Upon closing of schools in March after Kenya reported her first three cases of Covid-19, private learning institutions have been experiencing a serious financial crisis.

However, to mitigate their financial circumstances, some have now diversified and are using classrooms and playing fields for various farming activities.

At Roka Preparatory School in Kirinyaga County for instance, rows of spinach sprout in the sports field where the students once played football.

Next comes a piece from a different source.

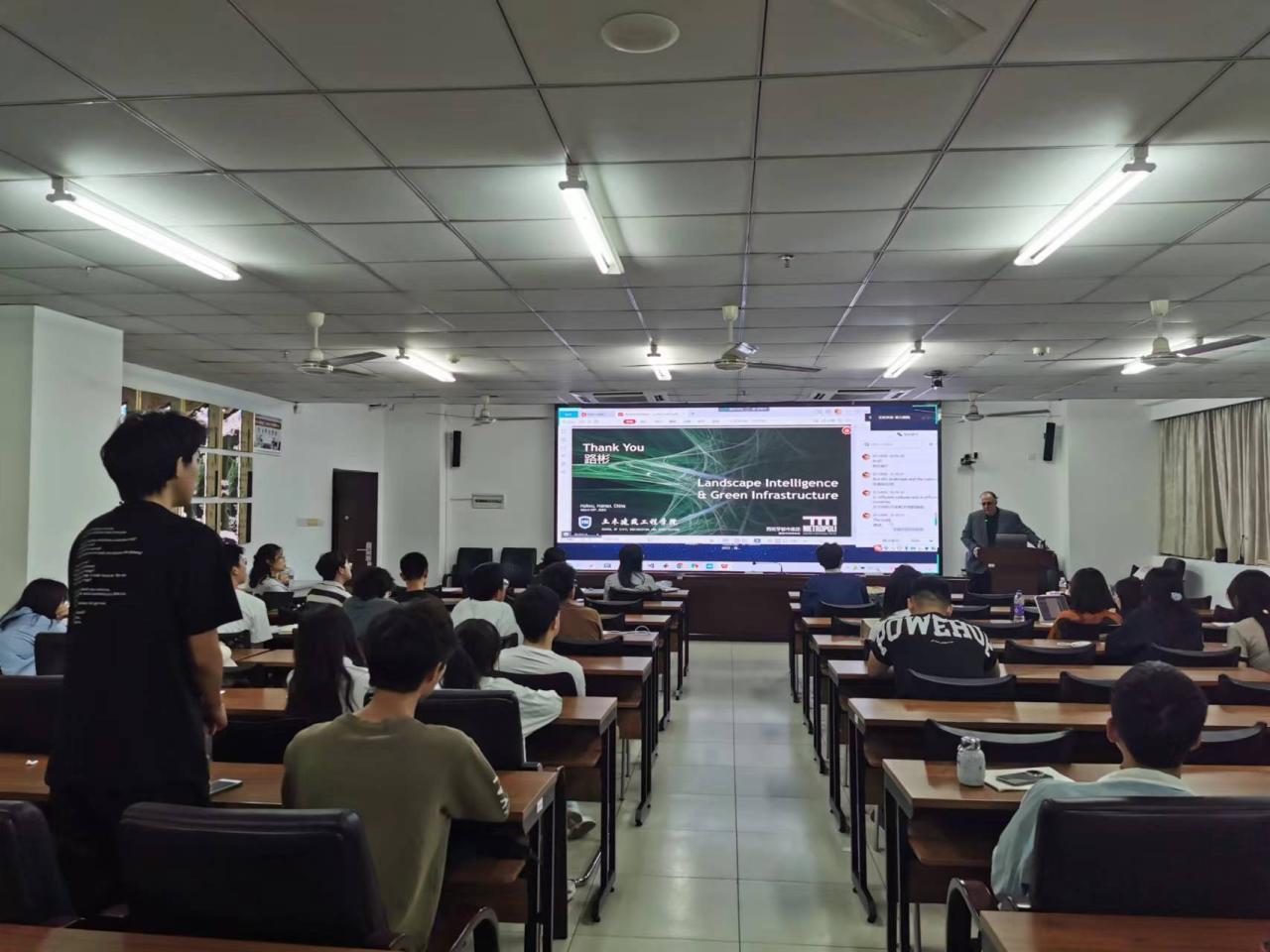 此次讲座,使建筑专业学生了解到城市景观设计方法和景观智能领域的前沿信息,提升了同学们对于景观智能与绿色基础设施的兴趣。讲座结束后,同学们踊跃提出问题,与Alex Camprubi先生互动交流,本次讲座在轻松的氛围中圆满结束。

At the same time clucking chickens fluff their feathers in sawdust-covered classrooms where children once studied and sweated over examinations. “I had to think of how to use the classrooms because they were haunting,” James Kung’u, the school’s director, told this reporter as he tended vegetables in the fields around.

Kungú said the sight of empty classrooms, with no prospects of using them any time soon, bothered him so much that he had to think outside the box.

“When you wake up in the morning and you find the empty classes ‘looking at you’, yet you invested a lot in them and expected them to be generating some income, it is discouraging,” he said.

Kenya’s 11,400 private primary and secondary schools serve about 2.6 million learners according to the Kenya Private Schools Association records.

They vary from bare classrooms charging a few thousand shillings a term to ultra-manicured campuses, serving the nation’s elite.

Peter Ndoro, the association’s chair, said nearly 150 schools have already gone bust. Most of the 158,000 teachers working in private schools are on unpaid leave, he said.

While some schools have been able to oversee distance learning, in others pupils and teachers have no way to connect to the internet.